- [WHAT IS REQUIRED]: In the data that follows, find the line with "Дети первой младшей"; transcribe it, every later line up to the one with "La Municipalidad de", and that line as well, exactly and with no others.

(Beginning of RECORD EXTRACTS)

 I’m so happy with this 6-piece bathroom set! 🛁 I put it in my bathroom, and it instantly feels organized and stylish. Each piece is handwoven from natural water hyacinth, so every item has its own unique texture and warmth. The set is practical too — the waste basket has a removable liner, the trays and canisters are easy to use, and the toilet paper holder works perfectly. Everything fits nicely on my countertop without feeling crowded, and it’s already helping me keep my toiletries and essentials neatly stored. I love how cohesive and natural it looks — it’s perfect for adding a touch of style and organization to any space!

(End of RECORD EXTRACTS)
(Beginning of RECORD EXTRACTS)

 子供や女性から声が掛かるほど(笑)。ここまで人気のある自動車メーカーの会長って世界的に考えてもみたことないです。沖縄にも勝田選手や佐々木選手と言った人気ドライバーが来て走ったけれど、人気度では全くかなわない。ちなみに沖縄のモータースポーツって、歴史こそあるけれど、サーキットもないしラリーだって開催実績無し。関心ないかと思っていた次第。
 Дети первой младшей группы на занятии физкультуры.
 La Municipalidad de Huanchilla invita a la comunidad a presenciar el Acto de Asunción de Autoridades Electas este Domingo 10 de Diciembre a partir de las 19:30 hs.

(End of RECORD EXTRACTS)

- [EXPECTED ANSWER]:
 Дети первой младшей группы на занятии физкультуры.
 La Municipalidad de Huanchilla invita a la comunidad a presenciar el Acto de Asunción de Autoridades Electas este Domingo 10 de Diciembre a partir de las 19:30 hs.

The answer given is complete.